Below are lines of data, and only some are wanted. Please repeat exactly those from the line that has "渤海灣畔海產(chǎn)豐收" through the line that has "ورُدَّ هذا الجواب".

#### Materials provided:
----------

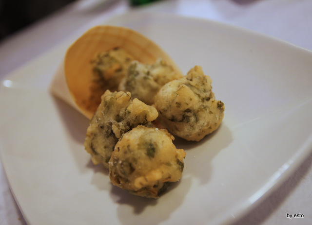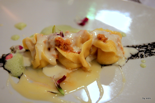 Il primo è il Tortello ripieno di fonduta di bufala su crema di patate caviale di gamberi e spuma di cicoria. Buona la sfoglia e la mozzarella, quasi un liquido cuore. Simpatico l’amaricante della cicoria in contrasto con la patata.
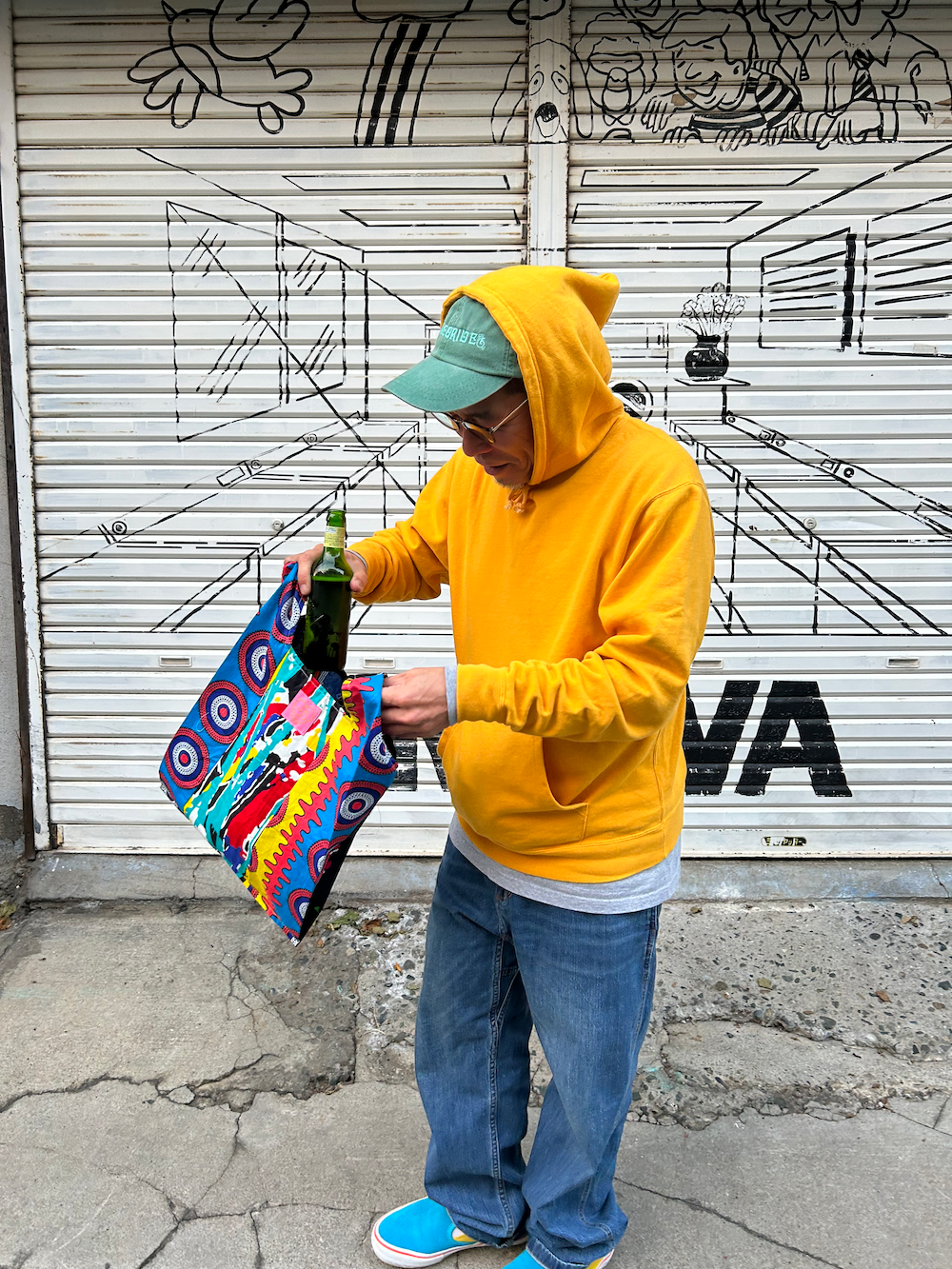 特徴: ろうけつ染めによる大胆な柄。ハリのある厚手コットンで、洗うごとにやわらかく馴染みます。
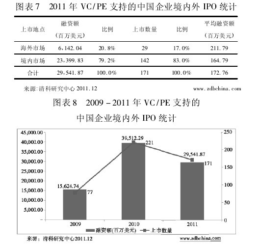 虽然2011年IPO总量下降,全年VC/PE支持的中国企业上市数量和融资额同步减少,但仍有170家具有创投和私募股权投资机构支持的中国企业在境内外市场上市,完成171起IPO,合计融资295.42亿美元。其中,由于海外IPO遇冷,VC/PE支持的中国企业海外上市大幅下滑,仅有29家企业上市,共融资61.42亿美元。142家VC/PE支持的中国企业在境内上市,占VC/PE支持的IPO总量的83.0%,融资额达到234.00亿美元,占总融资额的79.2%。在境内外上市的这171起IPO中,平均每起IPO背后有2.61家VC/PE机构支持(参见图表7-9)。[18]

----------

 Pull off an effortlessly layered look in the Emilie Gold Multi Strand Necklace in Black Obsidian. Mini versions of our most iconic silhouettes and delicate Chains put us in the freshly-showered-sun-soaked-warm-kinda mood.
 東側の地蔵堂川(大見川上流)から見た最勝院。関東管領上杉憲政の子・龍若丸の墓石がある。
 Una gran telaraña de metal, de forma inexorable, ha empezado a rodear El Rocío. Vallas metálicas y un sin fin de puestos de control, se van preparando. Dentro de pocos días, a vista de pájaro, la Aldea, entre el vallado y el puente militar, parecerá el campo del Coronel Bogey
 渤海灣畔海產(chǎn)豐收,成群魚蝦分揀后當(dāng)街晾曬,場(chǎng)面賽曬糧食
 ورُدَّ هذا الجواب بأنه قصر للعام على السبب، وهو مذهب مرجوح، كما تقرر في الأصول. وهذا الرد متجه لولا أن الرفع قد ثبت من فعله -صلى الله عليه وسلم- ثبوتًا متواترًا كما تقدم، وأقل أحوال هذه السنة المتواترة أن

----------

#### Response:
 渤海灣畔海產(chǎn)豐收,成群魚蝦分揀后當(dāng)街晾曬,場(chǎng)面賽曬糧食
 ورُدَّ هذا الجواب بأنه قصر للعام على السبب، وهو مذهب مرجوح، كما تقرر في الأصول. وهذا الرد متجه لولا أن الرفع قد ثبت من فعله -صلى الله عليه وسلم- ثبوتًا متواترًا كما تقدم، وأقل أحوال هذه السنة المتواترة أن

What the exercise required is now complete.